NEW TESTAMENT

Revelation (IVP New Testament Commentary Series)

Revelation (IVP New Testament Commentary) by J. Ramsey Michaels (Leicester: IVP, 1997)

J. Ramsey Michaels is already the author of a useful book exploring the interpretative issues surrounding Revelation, so the reader can be sure that this commentary has been well thought through in its approach.  I am happy to say that it has also been well thought through in the details, as the numerous footnotes in this volume will testify.  Although the commentary is based on the NIV, Michaels has clearly studied the Greek text carefully, as well as the numerous text-critical problems in the book of Revelation.  He rejects several of the standard approaches to the book (dispensational, preterist, church-historical) and proposes instead a fairly sane “qualified literalism” approach to what he sees as a “prophetic” book (rather than futurist, or apocalyptic).  The introduction also contains stimulating sections on “The Theology and The Ethics of Revelation” and “Preaching the Gospel from the Book of Revelation” - crucial issues which must be addressed and which make the commentary itself more useful to the pastor-teacher.

This series of commentaries is aimed somewhere between the Tyndale Commentaries and the Bible Speaks Today series.  This is apparent in the mixture of scholarly discussion in the footnotes, and anecdotes and stories in the main body of the text.  Sometimes the latter can be quite suggestive for teachers of the book, while at other times they can be fairly obscure (such as the very odd quotation from the apparently “well-known story” by Flannery O’Connor used on page 48, which baffled this reader at least).  I was not always convinced by the theological comments made throughout the book, but it was refreshing to read a commentary which did not stop at exegesis alone and which at least began to answer some of the questions a theologically-minded reader of Revelation might have.  Michaels is excellent at pointing out what is not in the text, as well as commenting on what is.

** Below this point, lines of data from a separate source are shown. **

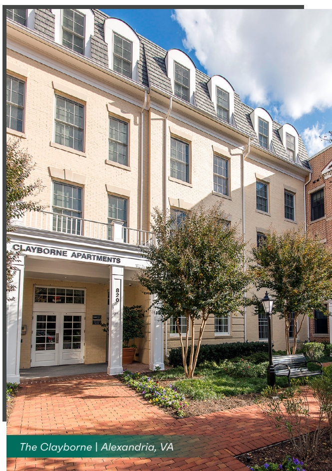
The Clayborne | Alexandria, VA

Our screening model includes factors from four key areas: demographics, local economy, real estate, and operations. Key demographic factors included in our weighing of market opportunities include population growth of our target cohorts by age and income range, net domestic migration, and regional educational attainment – both existing and projected increases. When evaluating local economies, we consider gross regional product and labor force growth as well as their volatility. Furthermore, industrial composition, wage growth and household income growth are considered. Real estate factors include historic and projected rents, supply/demand balance and their relative volatility. Additionally, affordability pressures on our target rents and affordability gaps between asset classes are analyzed. Operational factors such as climate risk and associated insurance rate growth, jurisdictional regulatory environment, and synergies with existing markets are also included. Together, these factors provide Elme with a comprehensive view of the strengths and weaknesses of markets and their potential to match our strategic market allocation objectives.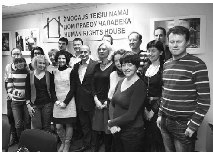
Meeting of Belarusian human rights defenders with the UN Special Rapporteur on Belarus Miklosz Haraszti. Vilnius, 12-13 November 2012.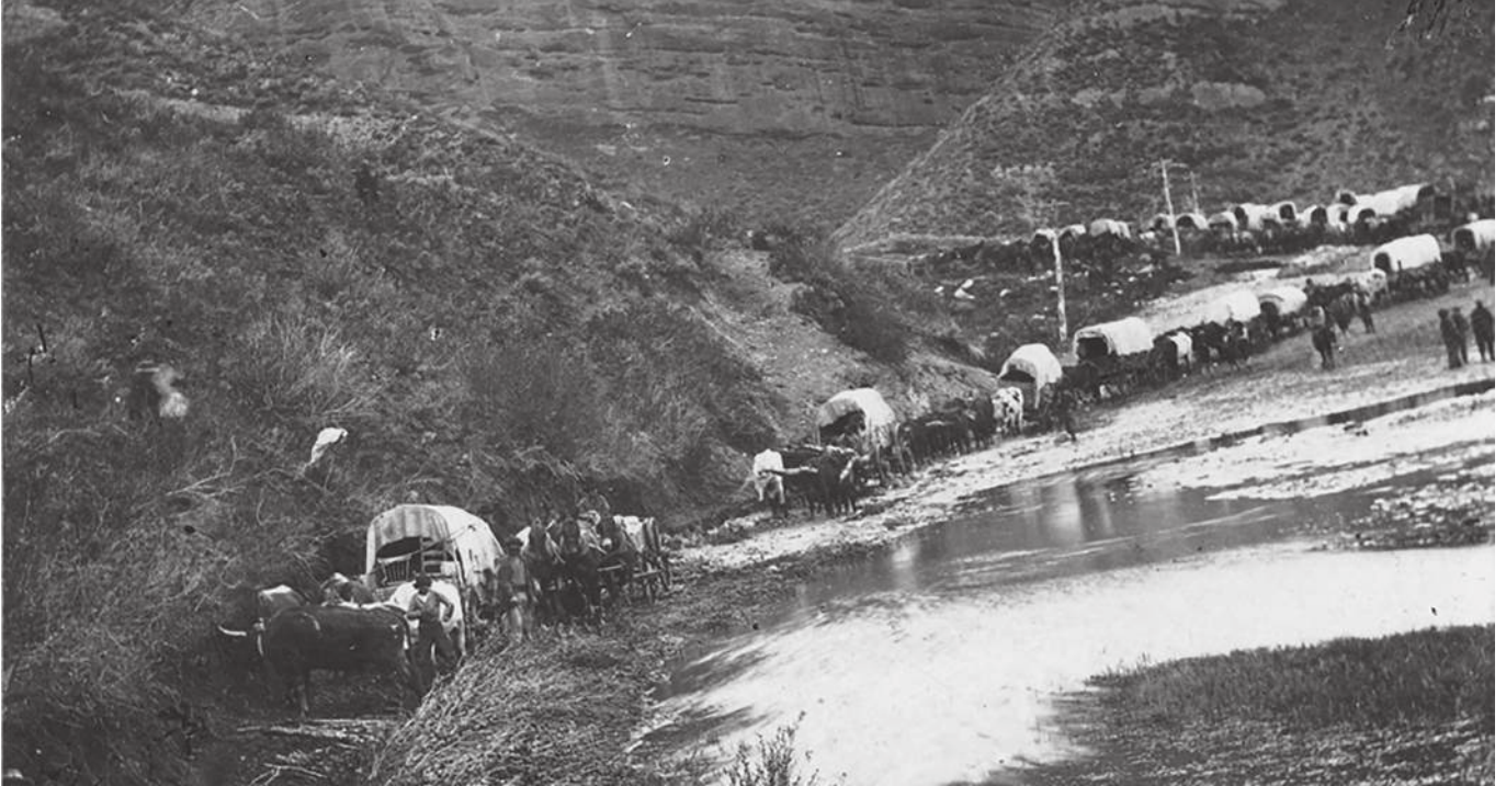
Emigrants in a wagon train struggling through muddy conditions in Echo Canyon, Utah, as they traveled along the California Trail in 1866.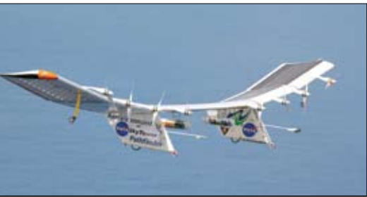
Paul MacCready's Pathfinder ran its eight electric motors from lithium ion batteries recharged by solar cells atop the wing.

MacCready also developed unmanned electric aircraft such as the Pathfinder and Helios for NASA during this period. These aircraft (there were five of them) were powered by from six to 14 2-hp motors mounted in pods on a single flying wing. They were designed for high-altitude loitering with the solar cells collecting energy during the day to run the motors and recharge the lithium-ion batteries for uninterrupted flight at night. This series culminated with the Helios, which had a wingspan of 247 feet and flew to 95,000 feet. The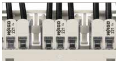
Rated 440 V with spacing between the adjacent connectors.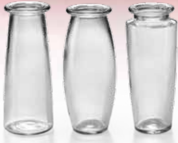
19 4227 9" TRIP ASSORTMENT Opening: 2.0" case-18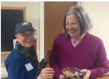
38 Leaguers attended and ate well at the January Potluck.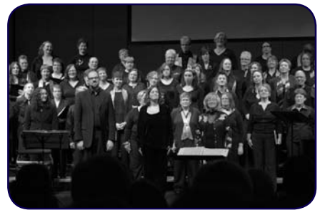
Well-deserved applause for Unsilenced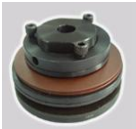
RTL127-1 RTL127-2 RTL178-1 RTL178-2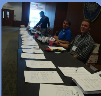
Waiting for MILers to arrive.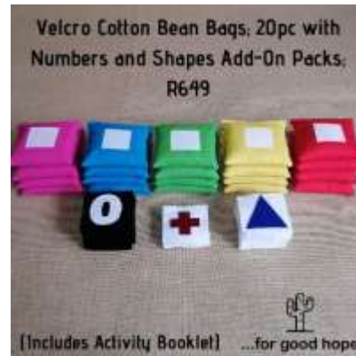
Velcro 20pc; with Shapes and Numbers; R649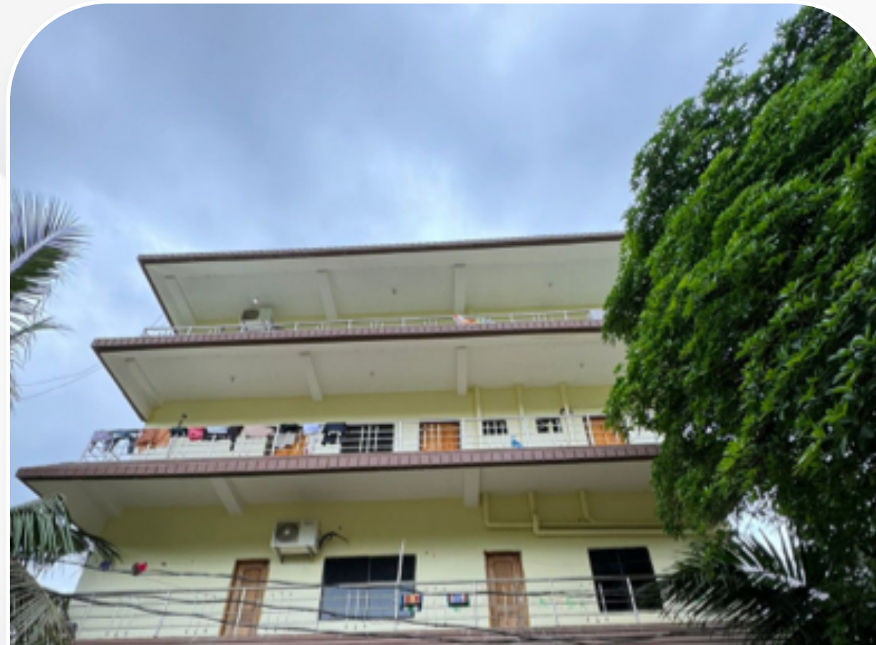
Utkalika Homes, Kalyani Nagar, BBSR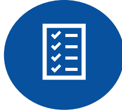
Project Operations Compliance (POC)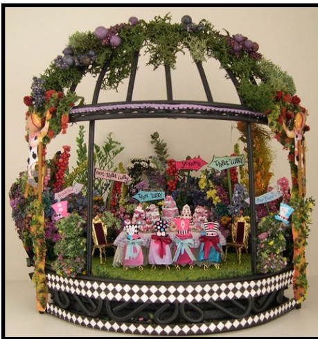
W4 - Mad Hatter's Tea Party by Ginger Landon-Siegel 1/4" Scale • $92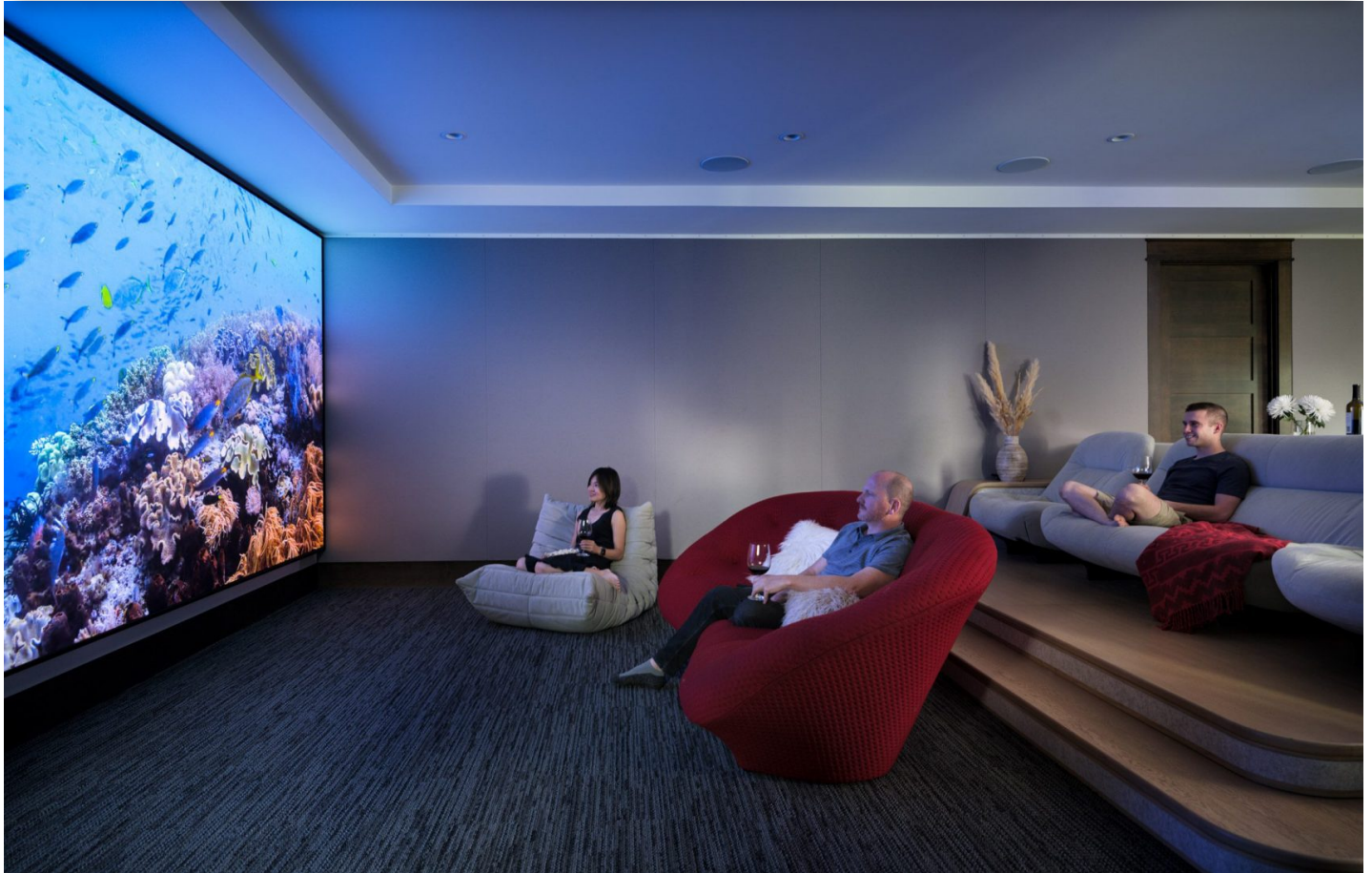
A media room is located on the lower level

"The space was there and we thought it was perfect for a home theatre," she said.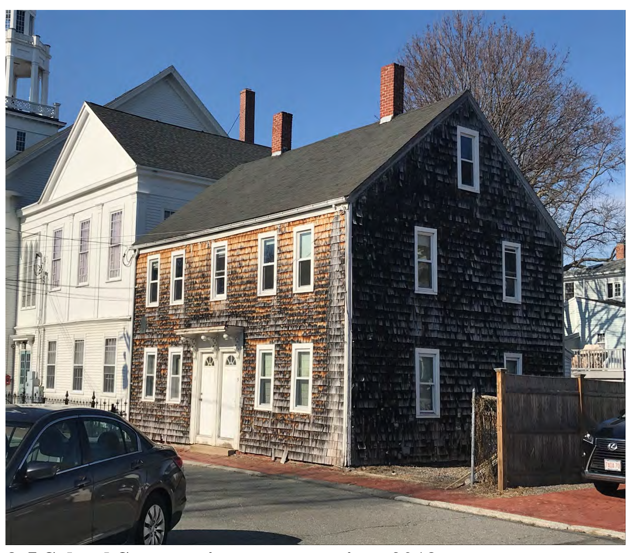
3-5 School Street prior to renovation, 2019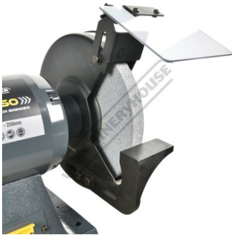
Eye Shield and Tool Rest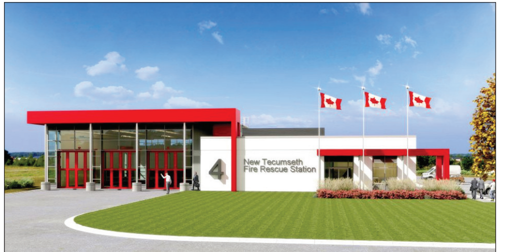
FUTURE SERVICES – The Town of New Tecumseth recently celebrated a milestone in the construction of a new fire station. The fire station will help to bring more modern services to the community.

Fire Station 4 will contribute to reduced emergency response times, improved service coverage in high-growth areas, and the continued delivery of reliable fire prevention and emergency response services. The construction of this facility represents a strategic investment in public safety to support the Town's continued growth and future needs.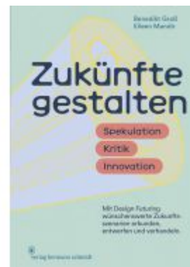
Zukünfte gestalten Ladenpreis: 41,20EUR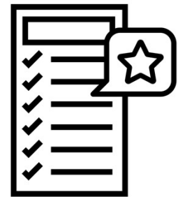
WBL Skills Feedback Survey Future Ready Skills Assessment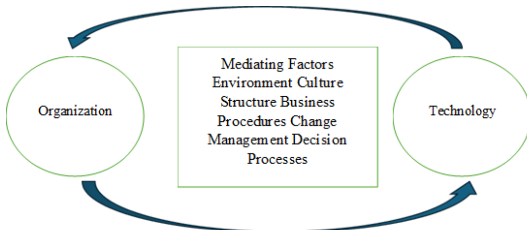
Figure 1. Relationship between Organization and Technology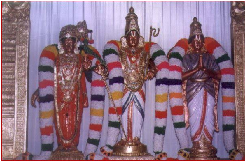
Andal, Rangamannar & Periazhvar

Those not having had exposure or training in recitation of these 4000 hymns can utilize the 10 days as a time of extra meditation on Andal and Her unique mood of bridal love for Sriman Narayana, as well as a time to serve and interact with those devotees who are involved in service to Her and Her Lord.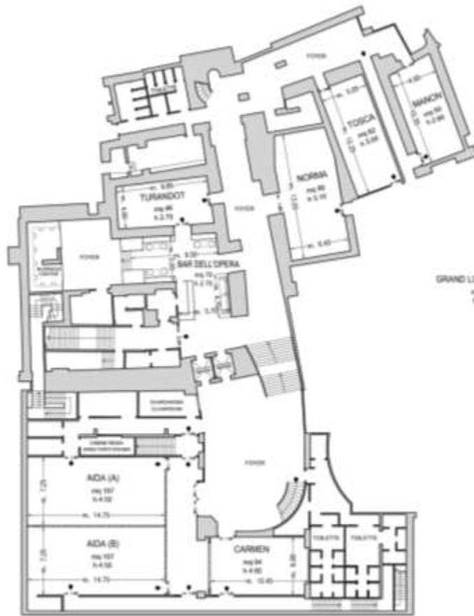
Piano -1 / Basement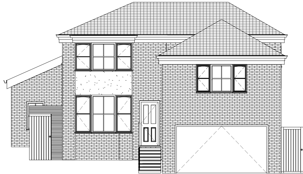
EXISTING FRONT ELEVATION 1 : 100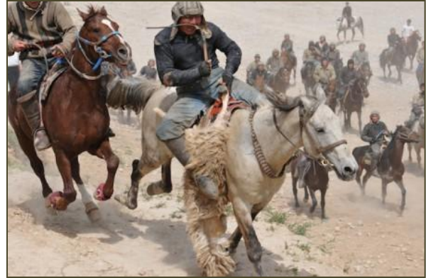
Buzkashi is a popular game played in Central Asia that's similar to polo except that it uses a goat carcass instead of a ball.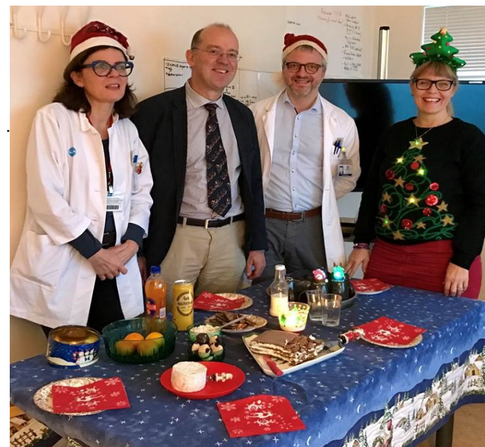
Seasons greetings from the team in Reykjavik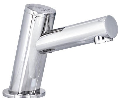
Perfect Time - Deck Mounted

With an 8 second factory preset, installation or maintenance staff can easily change this time manually according to the needs. Running time adjustment is not accessible to the end users.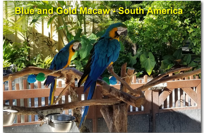
Blue and Gold Macaw - South America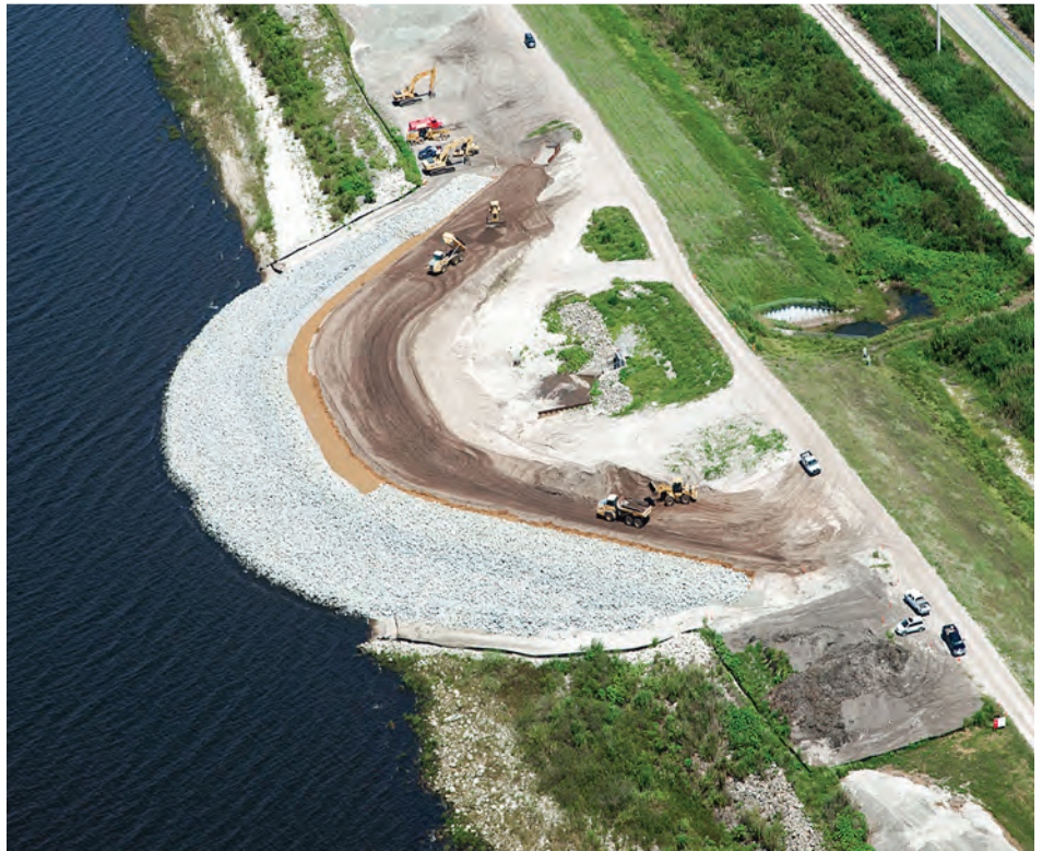
A temporary dam is constructed in advance of the removal of Culvert #14 near Port Mayaca. The culvert was removed in the fall of 2011.

As part of the federal culvert replacement program, the Corps will replace or remove 32 culverts within the HHD system. Work began in late 2011, with the removal of Culvert 14 north of Canal Point. Additional work began in 2012 to replace Culverts 11 and 16 south of Port Mayaca, and Culverts 1 and 1A east of Moore Haven. Contracts for the replacement of Culverts 3 and 4A near South Bay are expected to be awarded in the fall. The Corps anticipates removing or replacing all the culverts with construction continuing through 2018.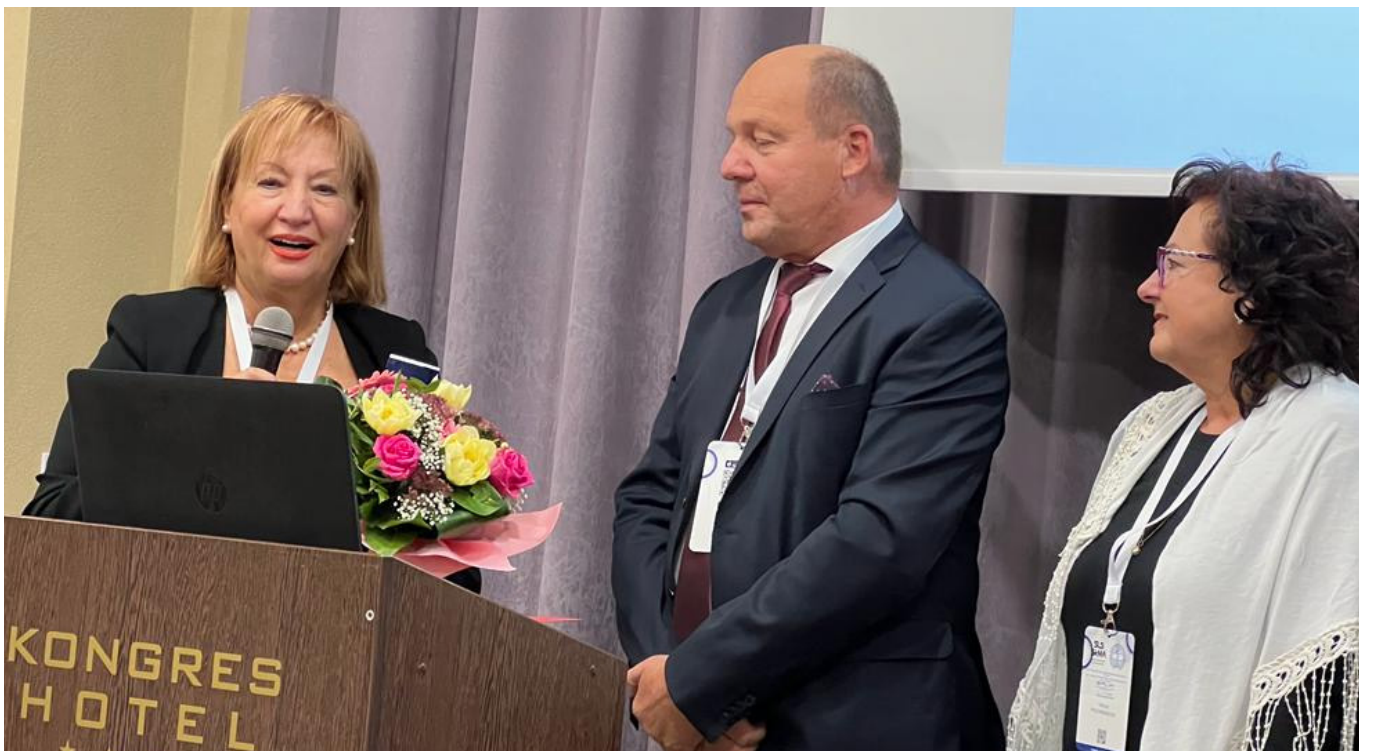
Honorary membership award ceremony of the Slovak Society of Clinical Biochemistry held today on October 9, Sunday, 2022.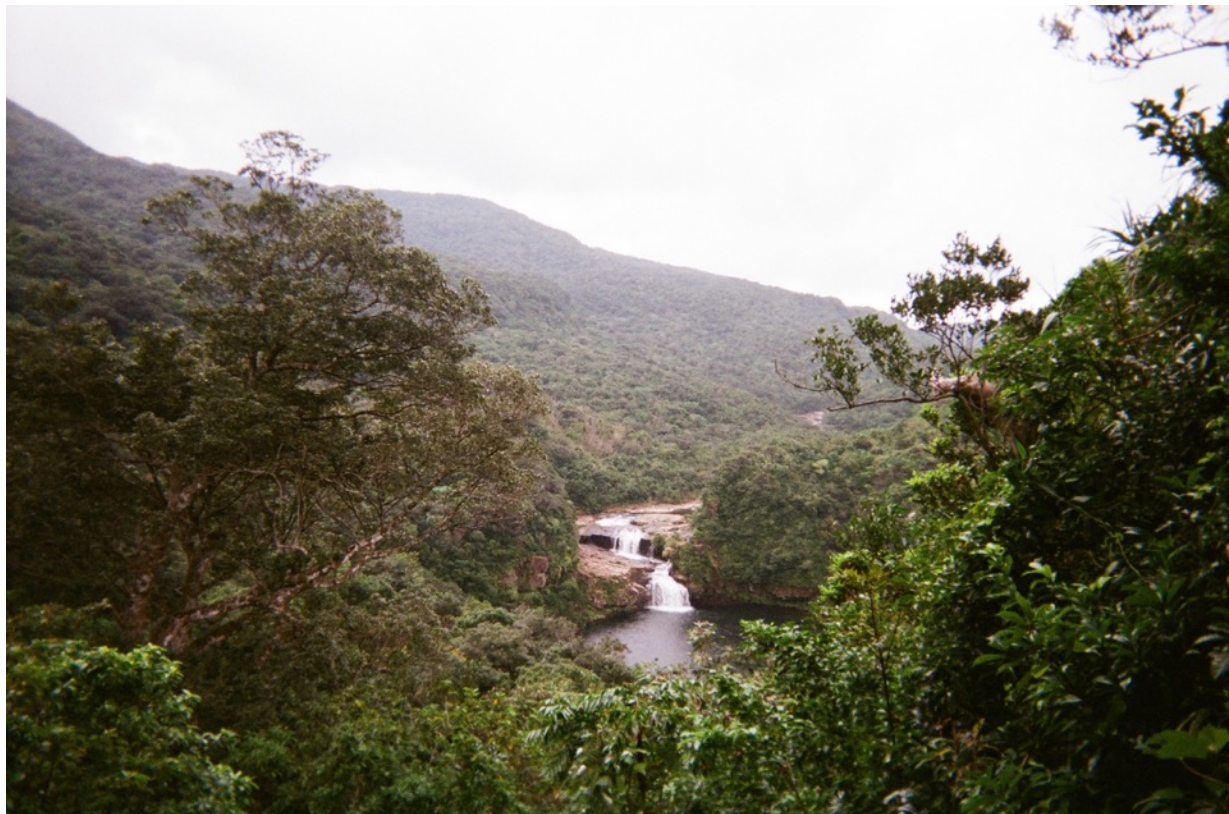
View of Kanbire waterfalls on our hike after getting off the Urauchi River boat.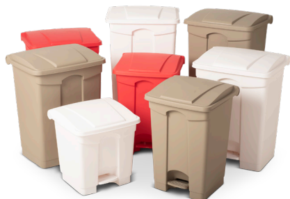
Step-On Containers Offers hands-free disposal

Toter's Step-on Containers provide an easy way to dispose of waste and recyclables with an integrated foot pedal for easy, hands-free lid opening. Available in multiple colors including beige, white, and red. Ideal for use in a variety of settings.

Greek transliteration is untidy (especially with the letter 'eta'), and the continuous text of the commentary (the only major divisions are between the Introduction, the Outline, and the Commentary) is slightly unusual.  The most annoying thing is the footnotes; they are not keyed into the main body text in any way (by numbers, letters, or symbols for example) and so it is difficult to know when to refer to them while reading or studying the commentary.  These are weaknesses of the series as a whole rather than of this volume, which would, despite these, be an excellent resource for preachers alongside a more in-depth commentary like that of Beale or Aune.  With Michaels’ help it may be possible to preach a series on the book of Revelation which does not finish at chapter three!

This review also appeared in Churchman 120.4 (2006), but was written several years before that.